After years of inaction on the environment, when Liberals want to look green, they hug Jack Layton.

Which is kinda why New Democrats say people who want real solutions for the environment should vote for the guy with a solid record of delivering them, instead of the guy standing next to him.

13 comments:

James Curran said...

I thiink it's Jack who's actong green by association. EnWave was around long before Jack. http://www.enwave.com/history.php

Steve V said...
This comment has been removed by the author.
Steve V said...

Jack Layton on Stephane Dion:

"But also a man who is, if I may say so across the partisan divide, distinct from his principal opponents in being a committed Canadian and a man of principle and conviction."

Now he's a craven opportunist, go figure.

Blogging Horse said...

James: Enwave may have existed but the project Dion stood in front of today - the deep water cooling station - was begun because Jack Layton and other visionaries rolled up their sleeves and got it done. (something Dion could have done with Kyoto when he had the chance, but didn't).

Steve: Doubtless Layton believed those words when he said them. He may still. It doesn't change the fact that Dion didn't care much for Kyoto when he was in cabinet (source: Christine Stewart) and now that's he's leader has stuffed his principles and propped up the Harper agenda for the sole reason that his polling numbers are poor.

And that just doesn't pass the smell test for progressive leadership.

Steve V said...

blogging

If that were true, why did the environmentalists like Dion? I mean, if he was doing nothing at the end, why the support? That doesn't pass the smell test. Hey, I didn't vote for them either last election, but Dion isn't responsible for the entire Liberal mandate.

rabbit said...

forgetting of course to mention that revenue from carbon taxes in those countries are plowed into green investments, not pointless tax cuts.

Well, I guess Dion could skip the tax cuts. Good luck selling it, though.

The point of the pointless cuts is so that the total tax burden is not increased. Dion probably feels this is necessary because trying to sell a tax increase is a real slog.

Blogging Horse said...

Steve: The environmentalists may have liked Dion as a person, but they didn't like his policies. About a dozen of them crapped on his "Project Green" Kyoto plan in 2005 when he was minister. (http://www.pembina.org/media/media-release.php?id=1137) So, for that matter did the federal Environment Commissioner, saying like Iggy "it wouldn't get it done."

Rabbit said: The point of the pointless cuts is so that the total tax burden is not increased. Dion probably feels this is necessary because trying to sell a tax increase is a real slog.

Yeah, that's true. So Dion's isn't a comparable at to European carbon taxes which DO plow revenues into green solutions. One more reason why Dion has stopped talking about emissions reductions at all.

James Curran said...

Yep. Environmentalists sure don't like Dion.

http://femmeverte.blogspot.com/2007/12/montral-2005-unfccc-video-retrospective.html

Jennifer Smith said...

Please, tell us just how far the NDP has managed to advance their agenda under the current Conservative government. Getting a lot of cooperation and compromise out of them, are you?

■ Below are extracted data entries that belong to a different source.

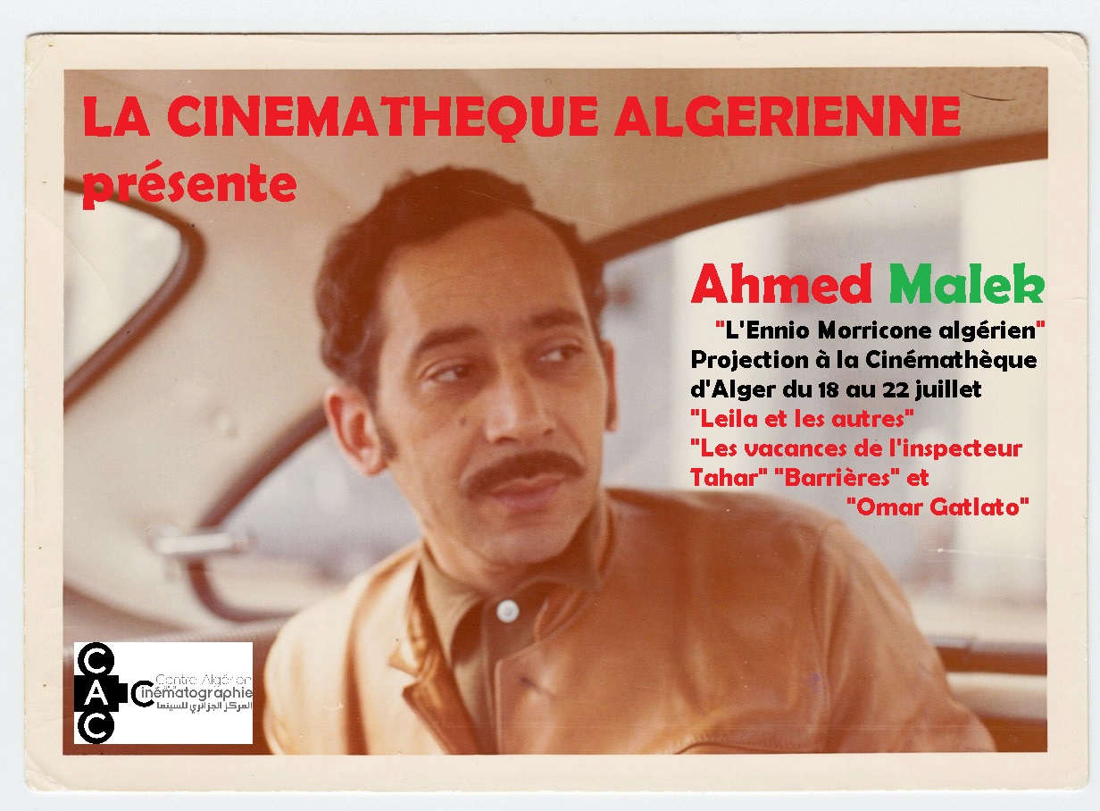 يقوم متحف سينما الجزائر بتكريم الموسيقار أحمد مالك الذي رحل عن عالمنا في 20 جويلية من سنة 2008، وذلك عرفانا بما قدمه للفن الجزائري من روائع بقيت تشكل ذاكرة جماعية لكل الجزائريين من أهمها “عطلة المفتش الطاهر” و”عمر قتلاتو” و “ليلى والآخرون” و”برير”، من خلال عرض مجموعة من الأفلام إلى غاية 22 جويلية الجاري.
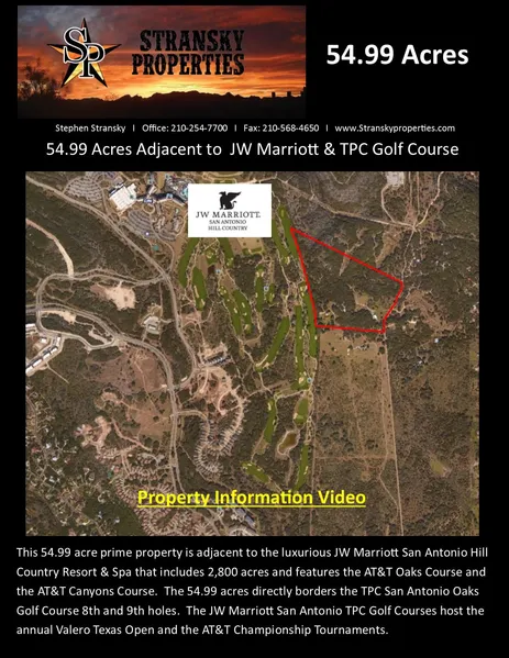 55 acres of very private secluded property sitting behind two privacy gates only 15 minutes from downtown San Antonio and adjoining the JW Marriott Hill Country Resort and TPC Golf Course on the 8th & 9th holes. The property also features a 3,000 sq. ft. home with a pool and cabana for guest, horse barn with lighted riding arena, and skeet shooting area.
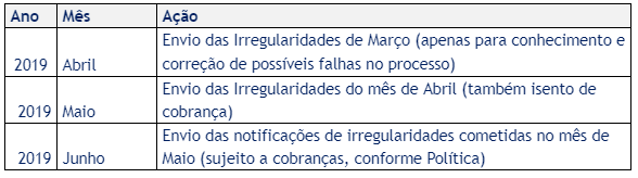 Conforme o cronograma acima, enviaremos individualmente as agências as irregularidades detectadas em Março 2019, com a finalidade de informa-los e que possam corrigir seu processo.
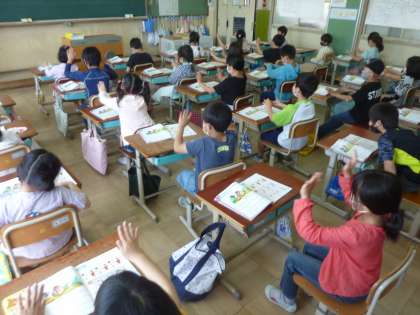 音楽科では,拍のまとまりをかんじとる学習をしています。
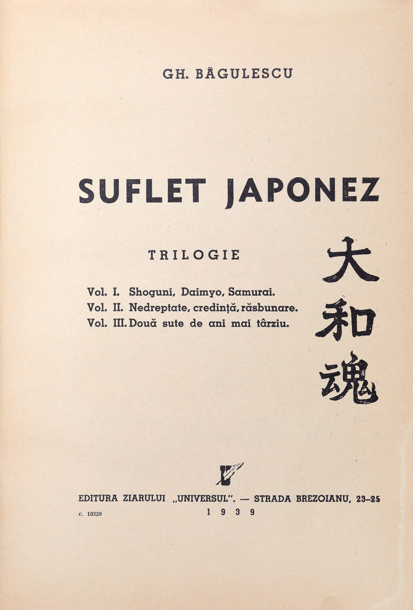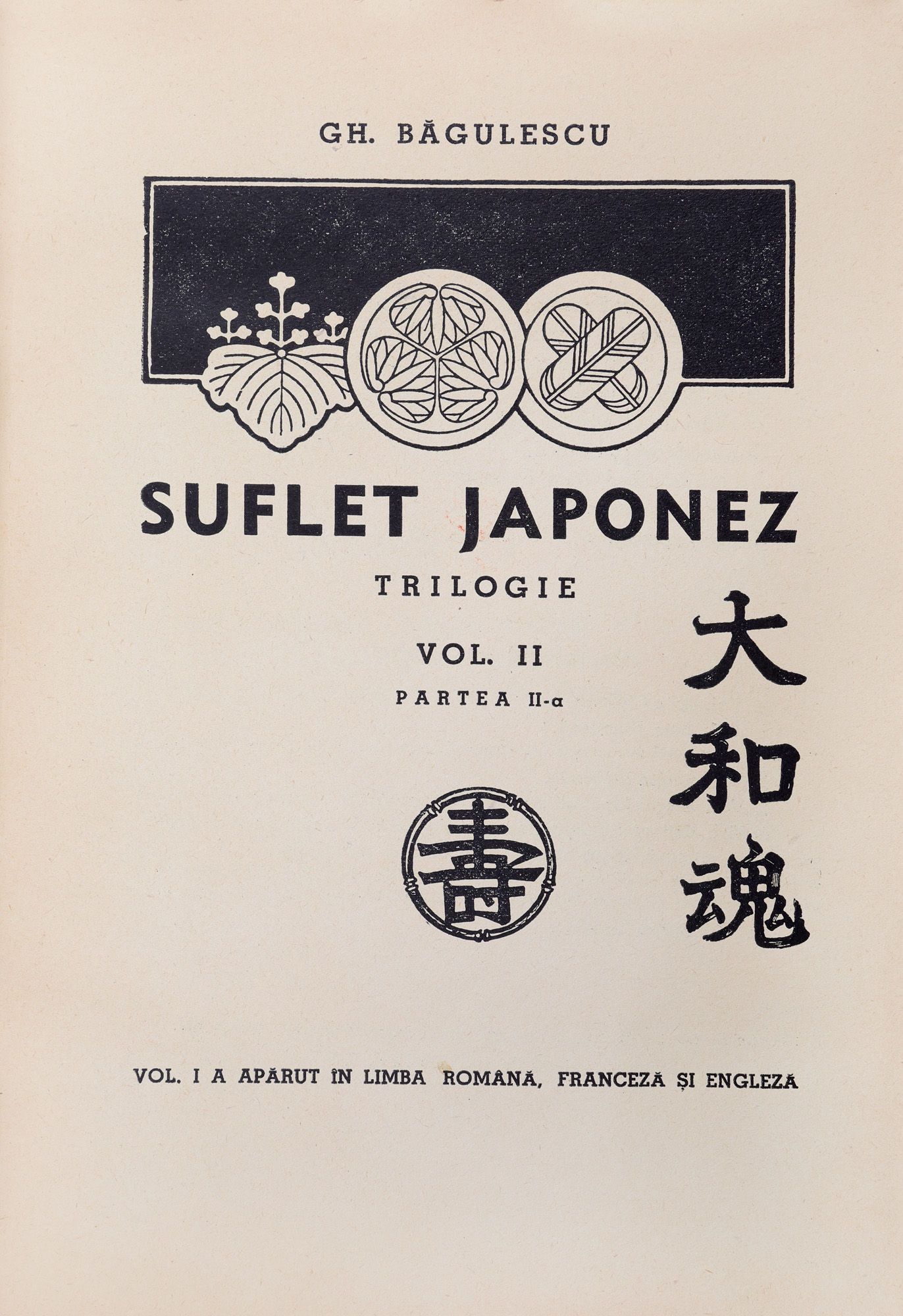 103. ”Suflet Japonez”, de Gheorghe Băgulescu, trei volume, București, 1939, cu dedicație
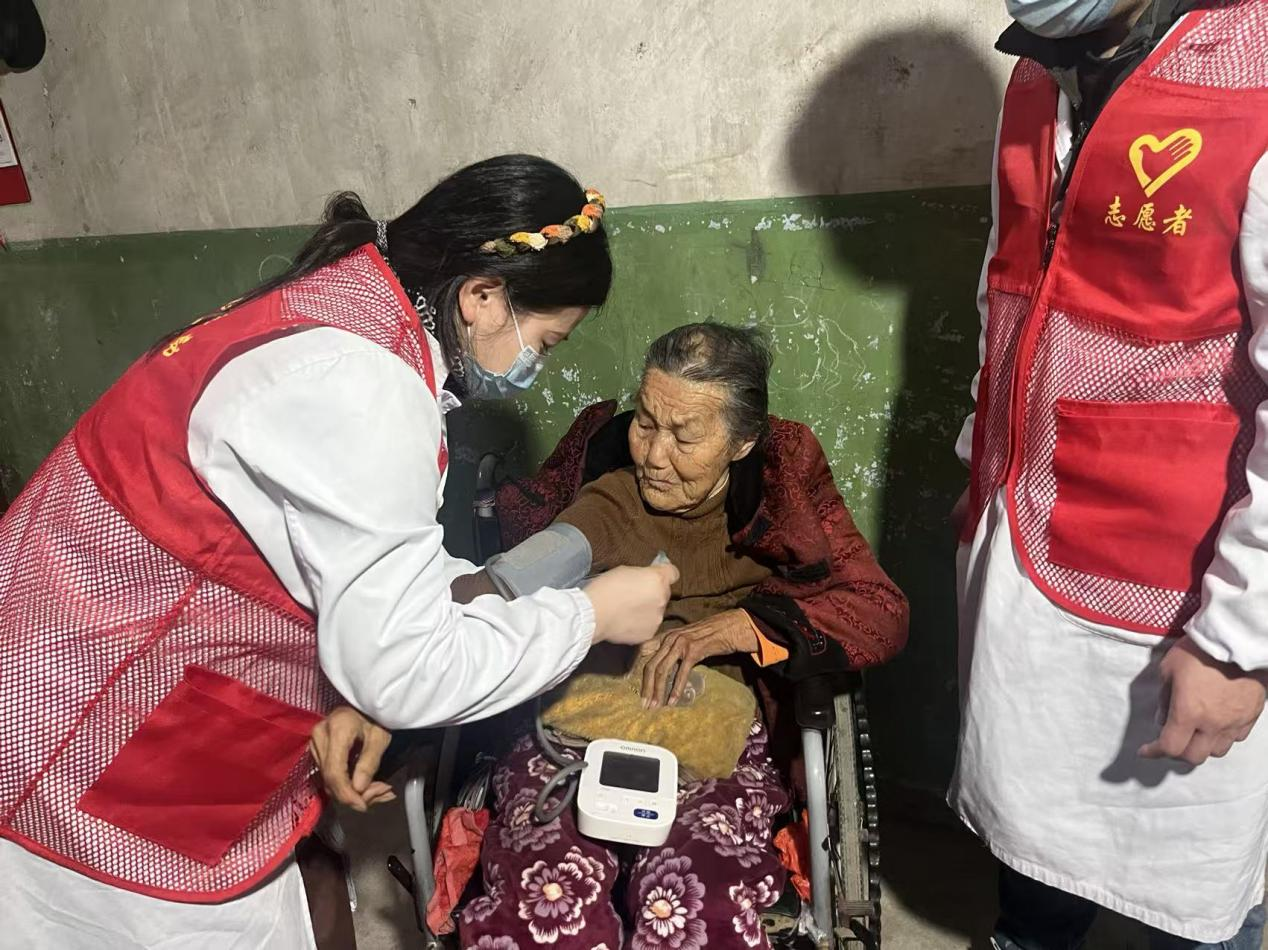 义诊结束后,在村干部引导下,市级专家与卫生院党员先锋队共同走访了3户失能老人家庭,细致检查身体状况,现场测量血压血糖,并结合病情给予用药指导。康复医学科专家江文冲还手把手指导家属开展日常护理与肢体康复训练,将温暖关怀送到群众“心坎上”。
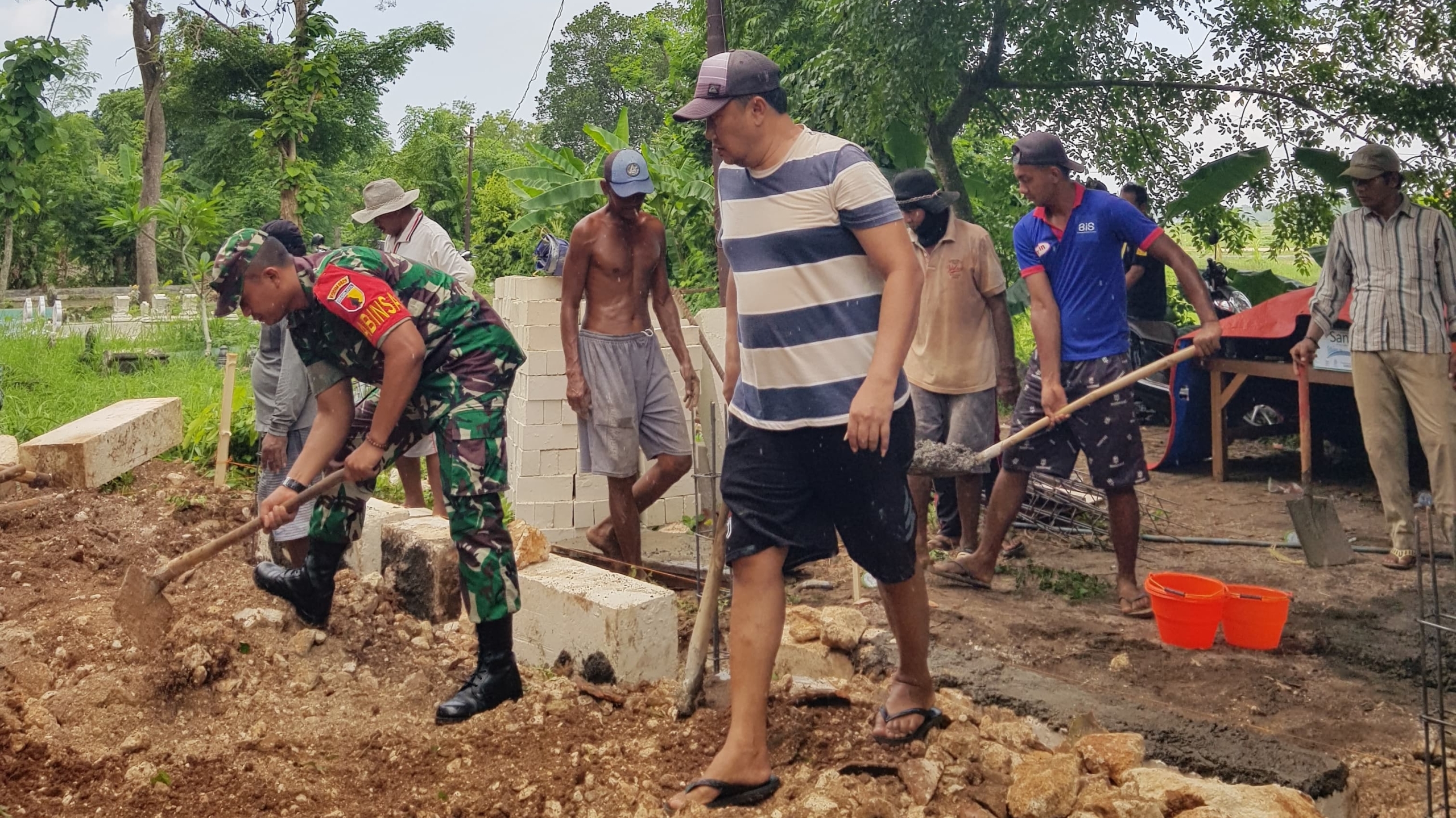 Bangkalan,– Babinsa Serda Mustain bersama anggota Koramil 0829/02 Socah dan warga binaan di Desa Buluh, Kecamatan Socah, menunjukkan kekompakan mereka dalam kegiatan gotong royong membangun fasilitas tempat peralatan jenazah dan kamar mandi di pemakaman umum Dusun Buluh Bawah.
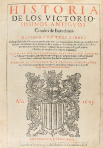 .1603.--LIBRO: .(HISTORIA BARCELONA).--.DIAGO, F. FRANCISCO:--.HISTORIA DE LOS VICTORIOSISSIMOS ANTIGUOS CONDES DE BARCELONA.--Barcelona: Sebastián de Cormellas, 1603. Folio. 8 h. + 318 fol. + 10 h. Portada a dos tintas con el escudo de los condes...
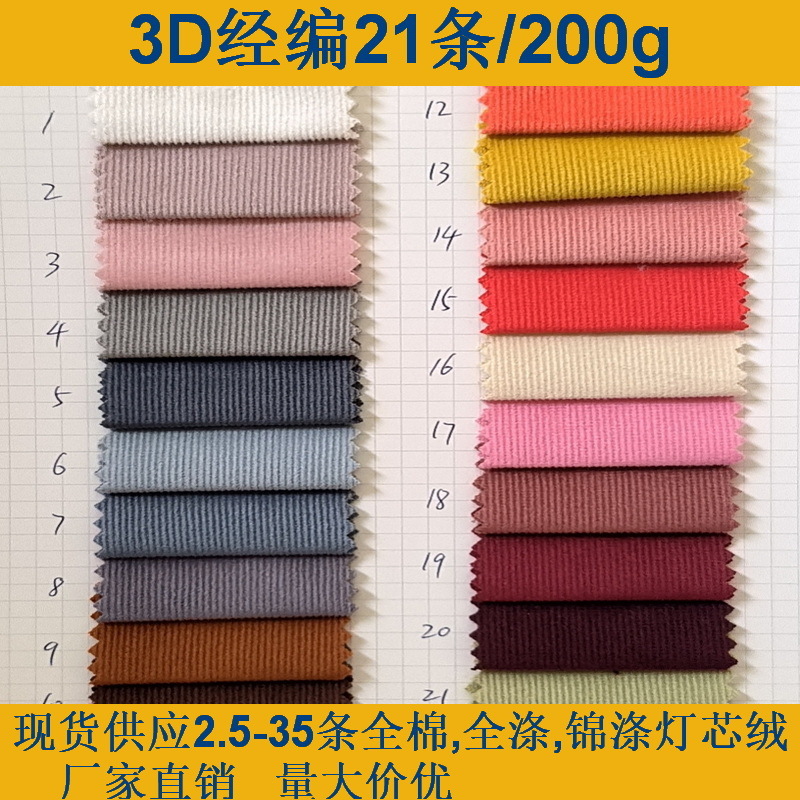 现货 3D经编21条21坑灯芯绒布料 蚕丝绒服装箱包玩具 沙发套面料
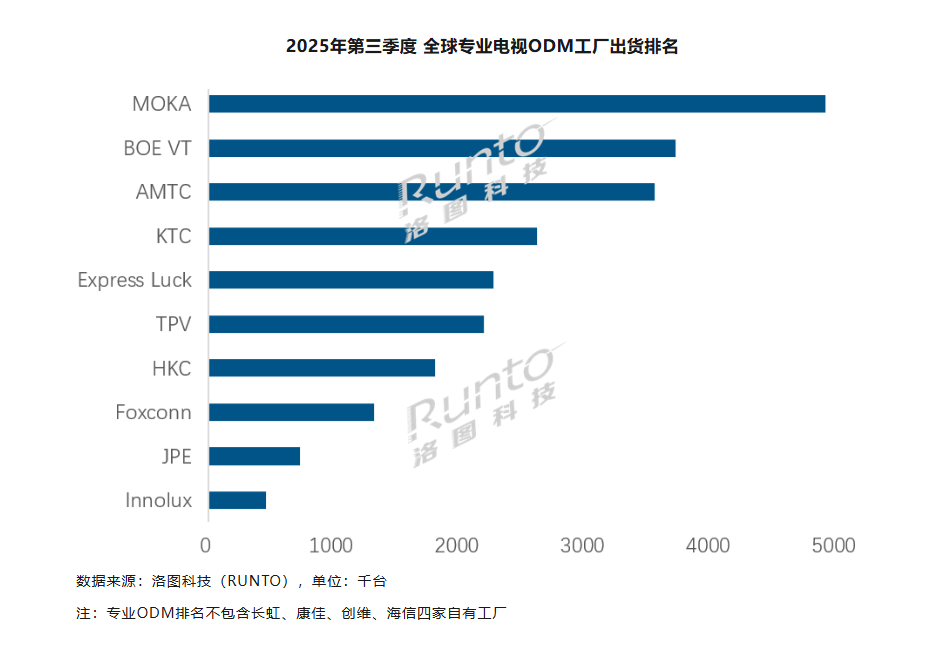 TCL茂佳早已是代工领域的领头羊。洛图科技数据显示,2024年以1670万台出货量蝉联冠军,2025年前三季度再以1310万台领跑,领先第二名超400万台,2025年收获全年第一应没有悬念。
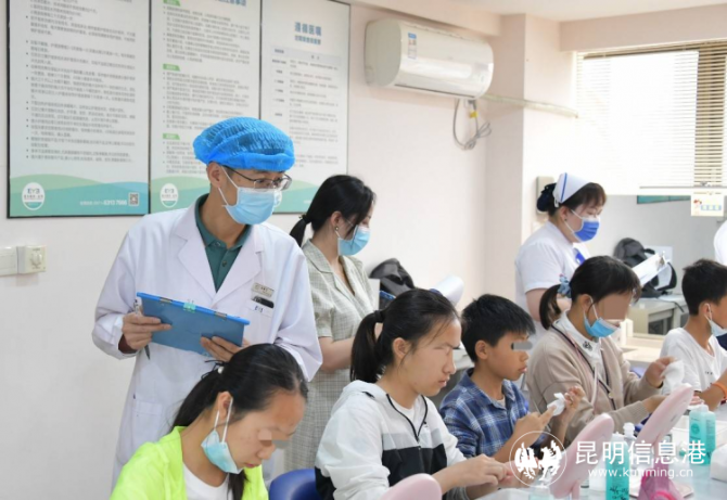 正值暑期,昆明市内各大医院眼科掀起了一波“儿童青少年配镜潮”。记者从昆明爱尔眼科医院了解到,该院小儿眼科和眼视光科的日门诊量相较平时增长了四至五倍,且绝大部分都是儿童青少年近视患者。眼科专家提醒,家长切记不可轻信市面上“近视治愈”“降低度数”等宣传,一旦发现孩子有视力不佳等问题,应及时到正规的眼科医疗机构进行检查。

Having the best ideas in the world isn't going to do anybody any good while our country is being run by people whose philosophy is diametrically opposed to our own.

First, let's get rid of Harper and those who would drag this country backwards. Then we can go back to arguing over who has the best ideas for moving the country forward again.

Sean S. said...

So JS, does that mean your personally ask Kennedy not to run in his current riding....you know, to get rid of the Conservatives and all...or how about May in Central Nova?

Blogging Horse said...

Jennifer said: First, let's get rid of Harper and those who would drag this country backwards.

Absolutely! But if this is your opinion, how can you support a party led by Dion -- a man who has stuffed his principles and propped up the Harper agenda for the sole reason that his polling numbers are poor?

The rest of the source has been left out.